The rapidly improving capabilities of small models have led some industry insiders to predict that small models will accelerate their implementation in smart terminals. “Small model SLM is very popular now. By reducing the size of the model through good training, it seems that the ability of small models is also very good. The ability below 3B is good, which is a very favorable trend for the end side. Apple may also be laying out such small models.” Li Junnan said that the memory bandwidth bottleneck related to AI computing power on the end side can also be solved by using small models.

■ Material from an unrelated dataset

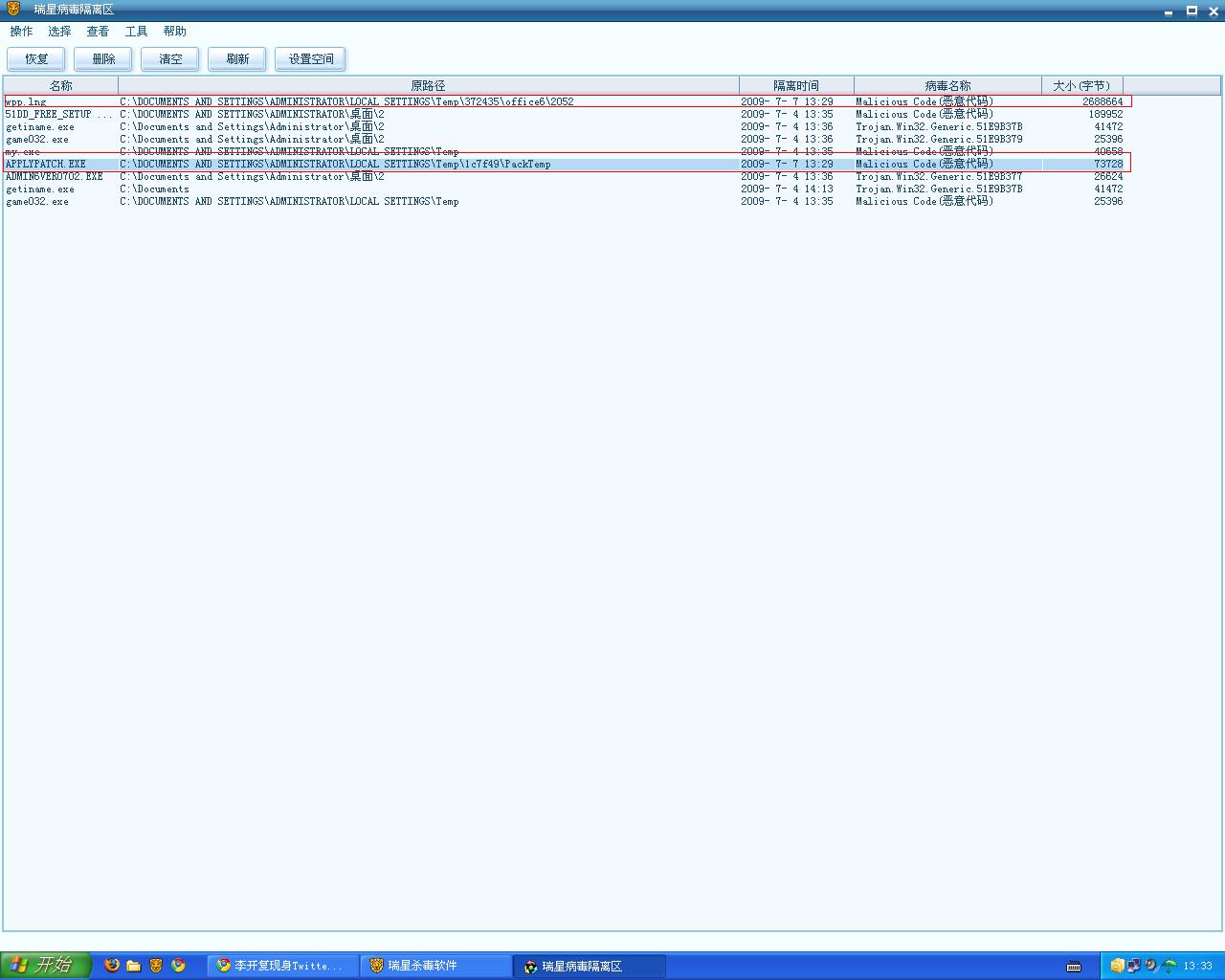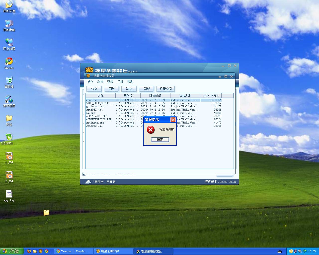 在恢复隔离区wpp.lng时瑞星报错了。

From the results released, it can be seen that Apple is also focusing on small models and breaking through the limitations of end side parameters. According to a research report by Huafu Securities, in addition to the MM1 model with 3 billion parameters, Apple is more focused on the layout of end side models, with the end side scenario based small model ReALM having a minimum parameter of 80 million. Apple also proposed using flash memory to solve the memory bottleneck of large model operation, and its Flash-LLM solution increases the number of model parameters that can be run on the end device to twice the original. With the June WWDC and subsequent press conferences, Apple related products are expected to be launched.
As for the future form of popular apps on the end, Zhang Li stated that MediaTek has two dimensions when looking at apps: one is to look at the existing top apps that are innovating and generating AI, and the other is to look at the newly emerging apps. It is currently uncertain from which category popular apps will emerge. Both the cloud and the end side may have large model applications running out, in contrast, the cloud may be more suitable for innovation from 0 to 1, while the end side may be more suitable for perception and some better innovations.
Li Yanji believes that multimodal large model inputs and outputs such as images and videos should soon be implemented on mobile phones. In addition, the expert system will also train many small models that can be switched according to user needs. The demand for mobile devices has become increasingly clear, such as the trend towards personalized capabilities and local computing.